Он обращался к стоящему по другую сторону переезда рослому советскому сержанту, запыленному с головы до пят.
Сержант ехал во главе колонны телег, груженных кипами сена, а на первой из них стояло пианино. Чтобы разогнать скуку ожидания, один солдат — почти ребенок, с пушком на подбородке — постукивал пальцем по клавишам.
Шлагбаум поднялся, сержант засмеялся, отдал честь железнодорожнику. Солдат, который мучил пианино, перепрыгнул на козлы. И — фыр-фыр! Длинная змея телег тронулась в путь, раскручиваясь и переползая через рельсы мимо Бицо.
И тут-то, в момент встречи, и произошел этот инцидент.
Молоденький солдатик с удивлением посмотрел на Бицо: мол, развалился тут и надулся. Потом его передернуло, лицо его загорелось румянцем, и он сплюнул на землю:
— Барин какой! Собака!
И уже прогромыхав мимо Бицо, он все еще оборачивался назад и говорил сержанту о том, что вон там на бричке, на козлах, сидит барин, настоящий барин.
Бицо побледнел, подскочил и хотел закричать: «Нет, приятель, никакой я не господин и не барин, я — товарищ!» — но в горле у него пересохло, язык словно прилип к небу.
— Ну, Сюрке, пошла!
Бричка дернулась под ним, и он едва не свалился на дорогу.
Цепляясь за бричку, чтобы не упасть, он вдруг понял, что не только солдат, но и сидящий с ним рядом притихший старик тоже принимает его за господина, за барина. И это произошло тогда, когда он сменил легкое, почти незаметное обращение «господин» на обращение «товарищ», произносимое со страхом и благоговением. И это в тот момент, когда Кесеи в его рассказах из друга, о котором он отзывался фамильярно и несколько пренебрежительно, вдруг вырос до «товарища Кесеи».
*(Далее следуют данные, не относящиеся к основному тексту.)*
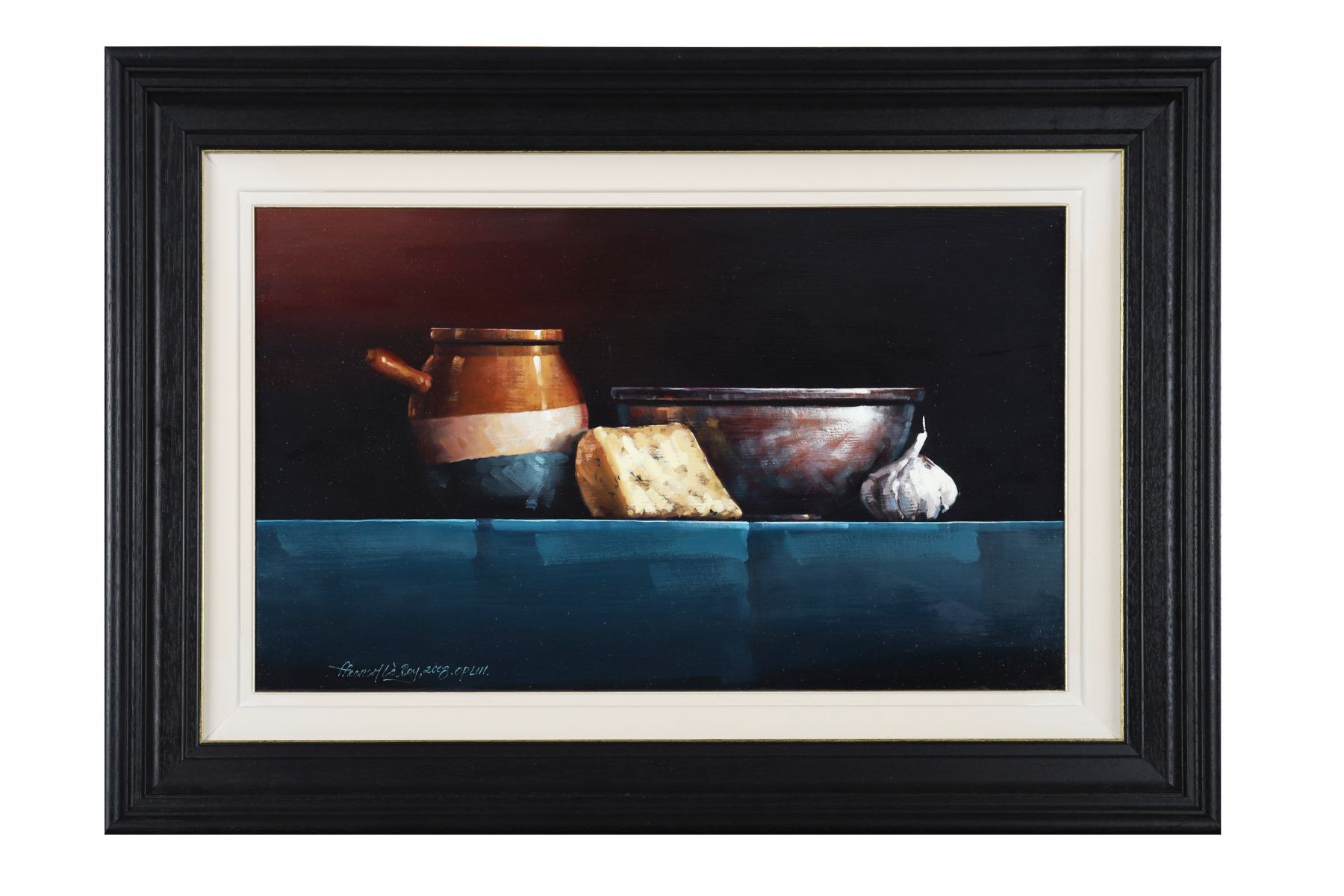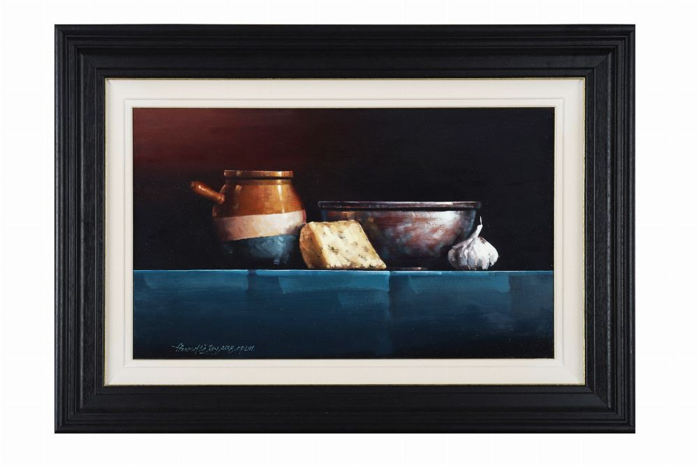 A finely detailed oil on board by David French Le Roy depicting a still life arrangement of a glazed pot, cheese, ceramic bowl, and garlic on a blue surface against a dark background. The artist’s meticulous rendering and delicate play of light evoke the calm precision of classical realism. Signed lower left and dated 2008. Presented in a black and cream moulded frame.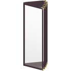 This menu cover boasts a red double stitched edge for long-lasting use. Its standard decorative gold metal corners also add a dignified and polished touch. Additionally, it is easy to wipe down at the end of the day, allowing you to give every guest the best possible dining experience. The clear, frosted matte finish of the view panes hides scratches and helps promote excellent visibility, ensuring that customers will be able to easily read your options. Use this menu cover to present your offerings in a refined and organized way!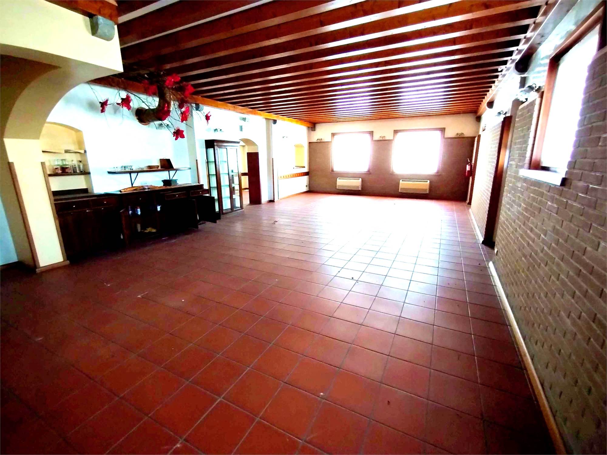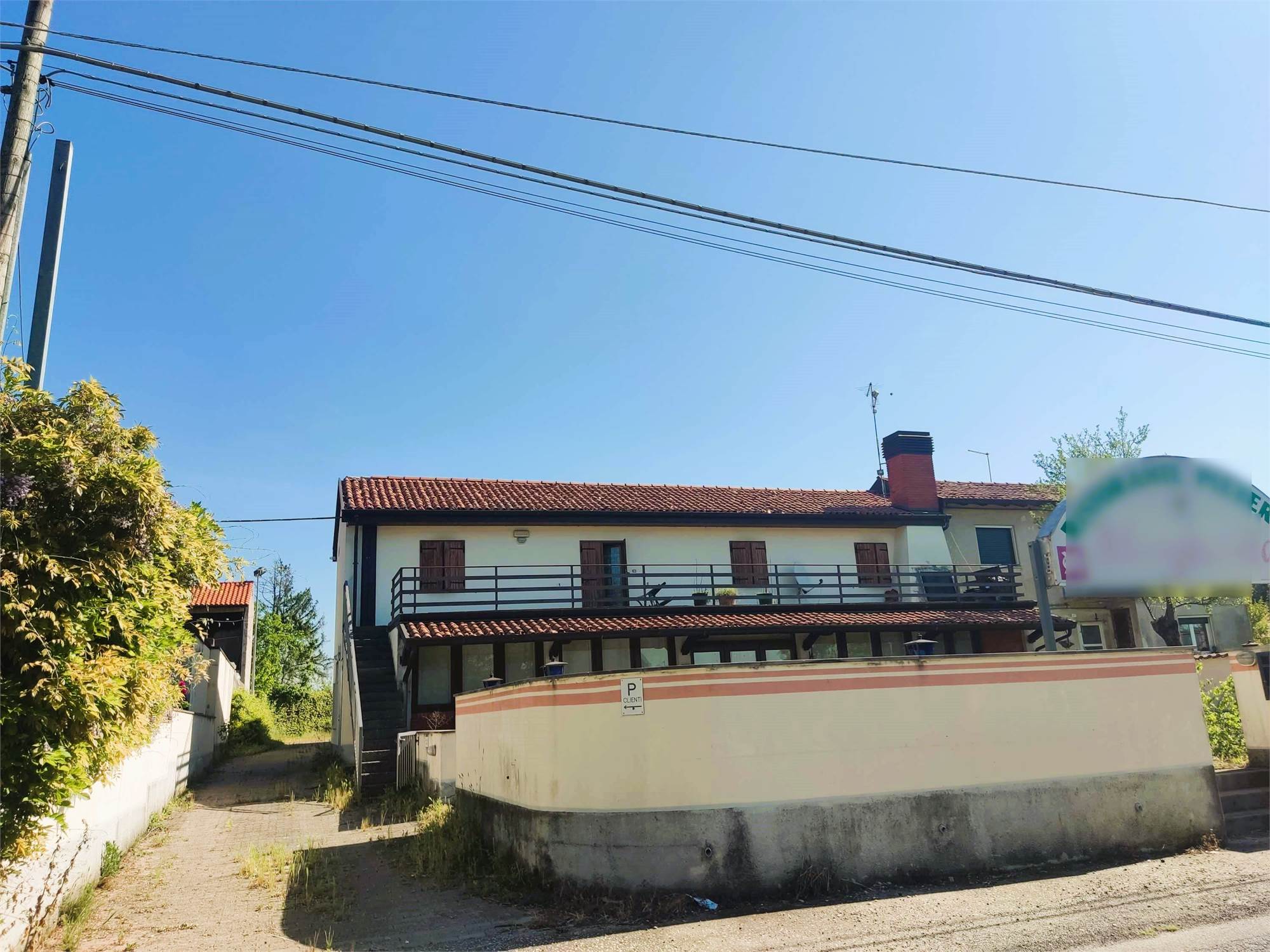 Ristorante/Pizzeria con appartamento situata a Pozzuolo del Friuli (UD), l'attività ristorativa è al piano terra con la reception, la cucina e l'ampia sala con tavoli e sedie, al primo piano troviamo un appartamento, il tutto inserito all'interno di un lotto di terreno privato.

Почему же так случилось? Обидно было то, как сержант произнес эти три слова. Кто виноват, что Карой Эрази стал таким, какой он теперь? Кто виноват в том, что теперь зависть, переходящая почти в ненависть, застилала туманом перед его глазами эти изменения, неожиданную перемену в его судьбе?
А может быть, это не столько зависть, сколько злость? Злость на весь мир, и прежде всего на самого себя, за то, что правильным оказался не его путь, а путь Кесеи, а он всю жизнь ходил, низко опустив голову, трусливо поджимал хвост и со всем соглашался.
Все равно!
Главное, что он заслужил доброе слово, терпение, помощь, а не грубое одергивание. Иначе же для него что «господин», что «товарищ» — один черт, и он никогда, до самой смерти, не вылезет из этой ямы раболепства, бестолковщины, отсталости, в которую его затолкал еще в детстве священный союз государства, церкви и обычаев…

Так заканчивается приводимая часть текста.